Commenting on the results, IEA Executive Director Fatih Birol stressed: “The rise in clean energy spending is underpinned by strong economics, by continued cost reductions and by considerations of energy security. But there is a strong element of industrial policy, too, as major economies compete for advantage in new clean energy supply chains. More must be done to ensure that investment reaches the places where it is needed most, in particular the developing economies where access to affordable, sustainable and secure energy is severely lacking today.”

Carbon Offset Clash

Another discussion that will feature prominently is the potential role of carbon offsets, in the wake of the row at the Science Based Targets Initiative (SBTi). While an announcement by the SBTi board to include carbon offsets as part of Scope 3 emission reduction efforts has caused internal backlash, several Western African nations have come out in support.

Burkina Faso, Cape Verde, Ivory Coast, Gambia, Guinea-Bissau, Guinea, Liberia, Mali, Senegal, and Togo have sent a letter to the SBTi, stressing that carbon offsets remained crucial to attract climate finance to emerging markets.

"The SBTi is, rightly or wrongly, the gatekeeper that can unlock finance from corporations around the world that wish to contribute to climate action...at the same time as (and not instead of) taking action to decarbonize their valuation," said Ousmane Fall Sarr, coordinator of the West African Alliance. The Western African Alliance was launched on June 3 at the opening of SB60.

Climate Change Litigation

SB60 could also play an important role in delivering further clarity on climate litigation, according to the Institute for Law and Environmental Governance in Nairobi. Delegates will have to tackle three key challenges, the Institute said. One will be to strengthen the case for causation—in other words, to establish a clear causal link between emissions by a specific company and specific climate damages.

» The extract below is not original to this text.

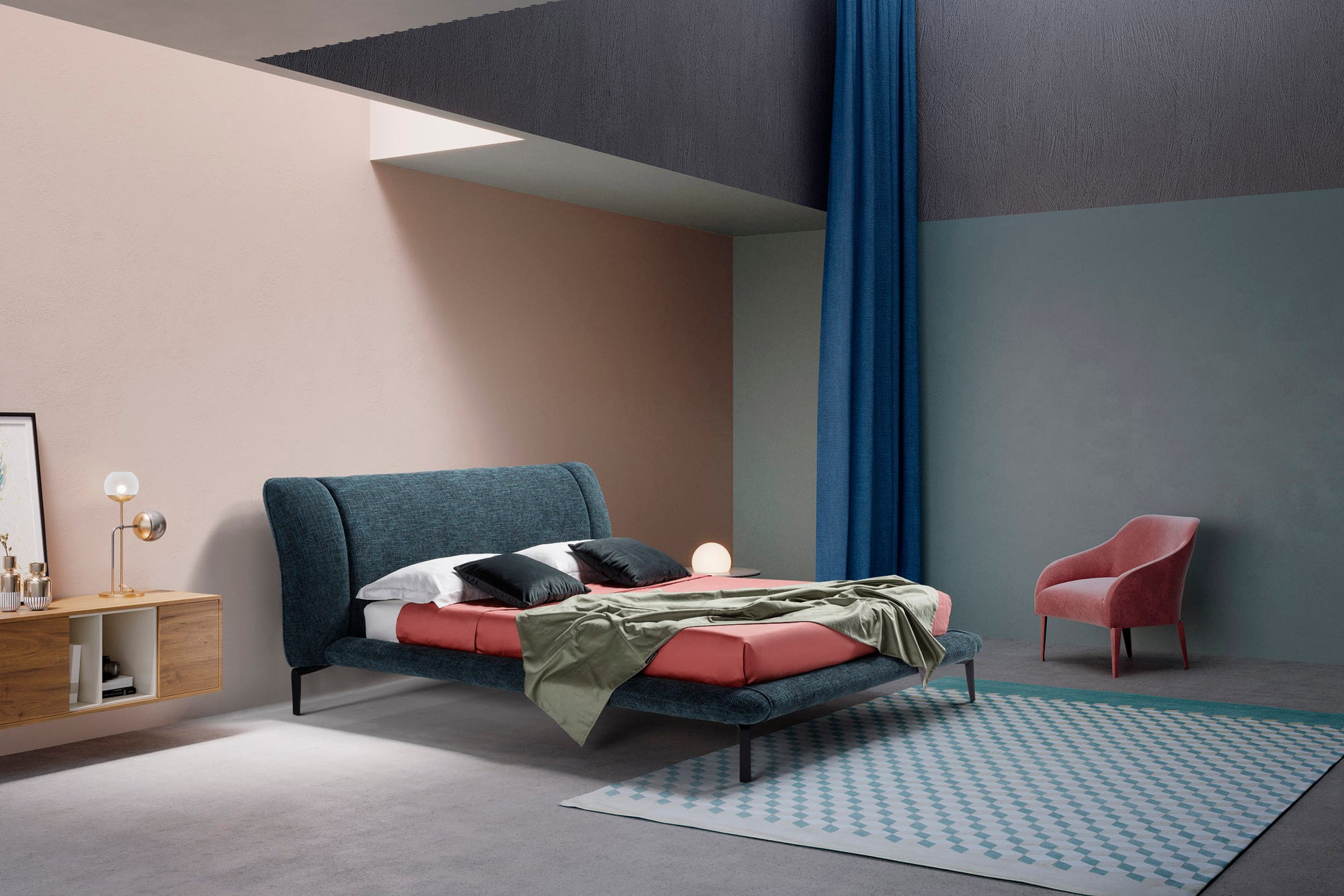 Cedric stands out for its minimalist structure and slightly curved headboard, adding a touch of sophistication to any bedroom. Vertical seams divide the headboard for visual rhythm, while the slim base conveys lightness and modern appeal.
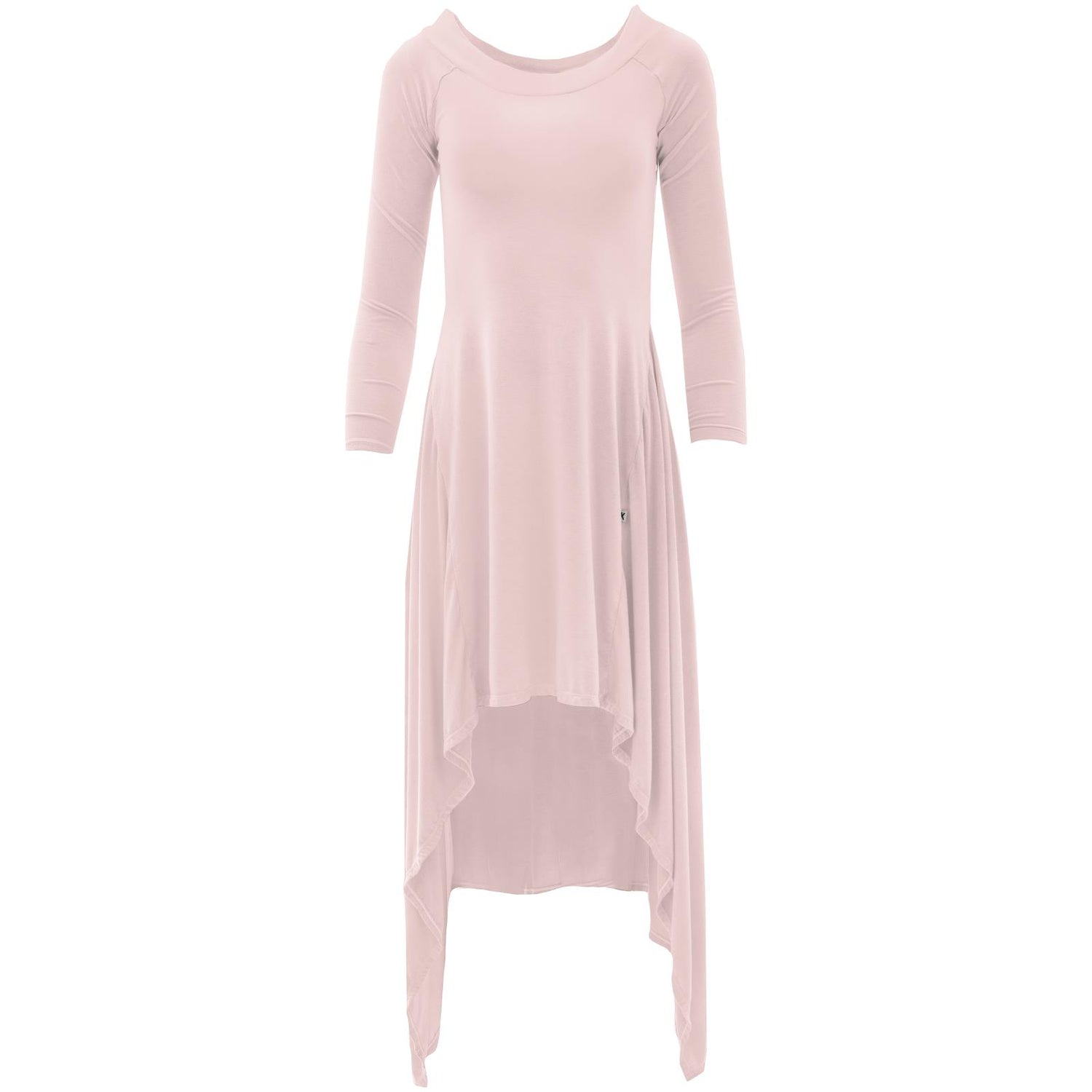 Women's Long Sleeve Hi Lo Raglan Dress in Baby Rose

Another challenge will be to elevate the standards of care, imposing a “duty of care” on governments and corporations to assist the victims of climate change.

The Institute also said that SB60’s scientific reports can play an important role in raising public pressure, which in turn can help bolster public support for climate litigation.

Last week, the US state of Vermont became the first to enact a law holding oil firms financially accountable for damages caused by climate change. Vermont government officials will take two years to assess the cost of climate damages incurred between 1995 and 2024, with major fossil fuel companies potentially paying billions in compensation.